Re: [PATCH v4 03/30] KVM: x86/mmu: Formalize TDP MMU's (unintended?) deferred TLB flush logic

From: Mingwei Zhang
Date: Thu Mar 03 2022 - 18:39:40 EST


On Thu, Mar 03, 2022, Paolo Bonzini wrote:
> From: Sean Christopherson <seanjc@xxxxxxxxxx>
>
> Explicitly ignore the result of zap_gfn_range() when putting the last
> reference to a TDP MMU root, and add a pile of comments to formalize the
> TDP MMU's behavior of deferring TLB flushes to alloc/reuse. Note, this
> only affects the !shared case, as zap_gfn_range() subtly never returns
> true for "flush" as the flush is handled by tdp_mmu_zap_spte_atomic().
>
> Putting the root without a flush is ok because even if there are stale
> references to the root in the TLB, they are unreachable because KVM will
> not run the guest with the same ASID without first flushing (where ASID
> in this context refers to both SVM's explicit ASID and Intel's implicit
> ASID that is constructed from VPID+PCID+EPT4A+etc...).
>
> Signed-off-by: Sean Christopherson <seanjc@xxxxxxxxxx>
> Message-Id: <20220226001546.360188-5-seanjc@xxxxxxxxxx>
> Reviewed-by: Mingwei Zhang <mizhang@xxxxxxxxxx>
> Signed-off-by: Paolo Bonzini <pbonzini@xxxxxxxxxx>
> ---
> arch/x86/kvm/mmu/mmu.c | 8 ++++++++
> arch/x86/kvm/mmu/tdp_mmu.c | 10 +++++++++-
> 2 files changed, 17 insertions(+), 1 deletion(-)
>
> diff --git a/arch/x86/kvm/mmu/mmu.c b/arch/x86/kvm/mmu/mmu.c
> index 32c041ed65cb..9a6df2d02777 100644
> --- a/arch/x86/kvm/mmu/mmu.c
> +++ b/arch/x86/kvm/mmu/mmu.c
> @@ -5083,6 +5083,14 @@ int kvm_mmu_load(struct kvm_vcpu *vcpu)
> kvm_mmu_sync_roots(vcpu);
>
> kvm_mmu_load_pgd(vcpu);
> +
> + /*
> + * Flush any TLB entries for the new root, the provenance of the root
> + * is unknown. Even if KVM ensures there are no stale TLB entries
> + * for a freed root, in theory another hypervisor could have left
> + * stale entries.
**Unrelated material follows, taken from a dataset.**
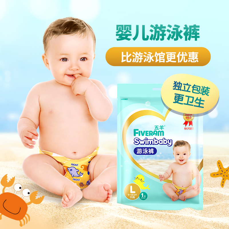 Five sheep baby swimming diapers M L code 3 pieces baby waterproof diapers disposable urine non-wet swimming pants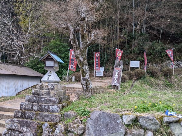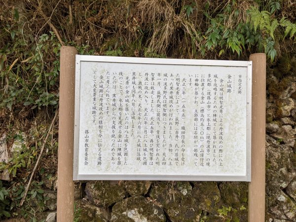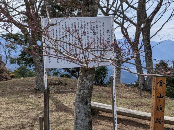 前田さんが遅刻してきたので、インスタントコーヒーと水の調達を押しつけ、14:00頃に「金山(きんざん)城址」に向かいました。

Flushing on alloc also allows KVM to skip the TLB
> + * flush when freeing a root (see kvm_tdp_mmu_put_root()).
> + */
> static_call(kvm_x86_flush_tlb_current)(vcpu);
> out:
> return r;
> diff --git a/arch/x86/kvm/mmu/tdp_mmu.c b/arch/x86/kvm/mmu/tdp_mmu.c
> index b97a4125feac..921fa386df99 100644
> --- a/arch/x86/kvm/mmu/tdp_mmu.c
> +++ b/arch/x86/kvm/mmu/tdp_mmu.c
> @@ -93,7 +93,15 @@ void kvm_tdp_mmu_put_root(struct kvm *kvm, struct kvm_mmu_page *root,
> list_del_rcu(&root->link);
> spin_unlock(&kvm->arch.tdp_mmu_pages_lock);
>
> - zap_gfn_range(kvm, root, 0, -1ull, false, false, shared);
> + /*
> + * A TLB flush is not necessary as KVM performs a local TLB flush when
> + * allocating a new root (see kvm_mmu_load()), and when migrating vCPU
> + * to a different pCPU. Note, the local TLB flush on reuse also
> + * invalidates any paging-structure-cache entries, i.e. TLB entries for
> + * intermediate paging structures, that may be zapped, as such entries
> + * are associated with the ASID on both VMX and SVM.
> + */
> + (void)zap_gfn_range(kvm, root, 0, -1ull, false, false, shared);

Discussed offline with Sean. Now I get myself comfortable with the style
of mmu with multiple 'roots' and leaving TLB unflushed for invalidated
roots.

I guess one minor improvement on the comment could be:

"A TLB flush is not necessary as each vCPU performs a local TLB flush
when allocating or assigning a new root (see kvm_mmu_load()), and when
migrating to a different pCPU."

The above could be better since "KVM performs a local TLB flush" makes
readers think why we miss the 'remote' TLB flushes?
>
> call_rcu(&root->rcu_head, tdp_mmu_free_sp_rcu_callback);
> }
> --
> 2.31.1
>
>